Final answer:
Proteasome inhibition, such as with the drug bortezomib, helps treat multiple myeloma by causing an accumulation of defective proteins in cancer cells, leading to cell stress and death. Multiple myeloma cells are specifically vulnerable to this process due to their high rate of protein synthesis.
Step-by-step explanation:
The question addresses why proteasome inhibition is a therapeutic strategy in the treatment of multiple myeloma. Proteasomes are enzyme complexes that degrade unneeded or damaged proteins by proteolysis, a chemical process that breaks down peptide bonds. In multiple myeloma, a type of blood cancer, cancerous plasma cells multiply rapidly and produce an excessive amount of abnormal antibodies.
One of the key drugs used in this therapeutic approach is bortezomib, which specifically inhibits the proteasome. This inhibition leads to an accumulation of defective proteins within the cancer cells, which in turn causes stress and eventually cell death. This is particularly effective in multiple myeloma because these cells are more sensitive to disturbances in protein homeostasis due to their high rate of protein synthesis.

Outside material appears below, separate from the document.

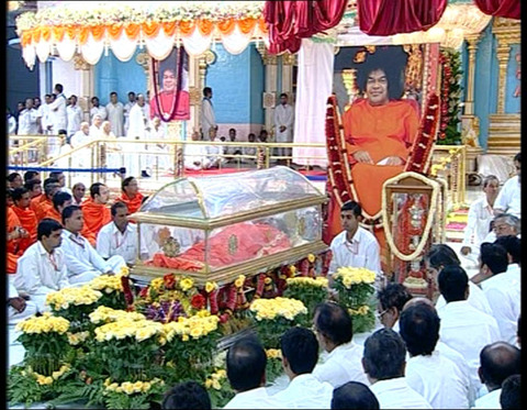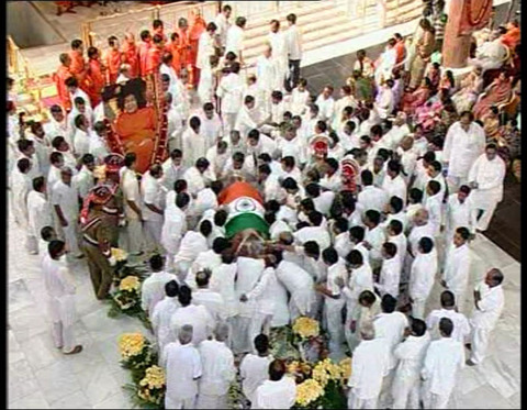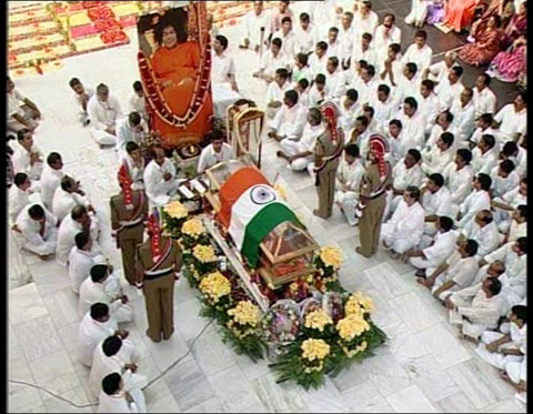 Earlier, a little before 9 AM, the glass casket in which Bhagawan's Physical Body was kept for Final Darshan was removed and was wrapped in national flag for a brief while. Men of the Andhra Pradesh Armed Police sounded the last post and fired 21 shots in the air as a mark of respect. Then the Tricolour was removed and verses from Hindu, Christian, Islamic, Sikh, Judaism and Buddhist scriptures were read out by leaders from these sects. Later, The Divine Mangala Aarti' was performed.

Bortezomib has been shown to induce apoptosis, or programmed cell death, in the abnormal plasma cells, while sparing normal cells. This selective toxicity is an advantage in the treatment of multiple myeloma. By impeding the proteasome's function, bortezomib effectively hampers the cancer cell's ability to manage and dispose of excess or faulty proteins, leading to cytotoxicity and a therapeutic benefit for patients.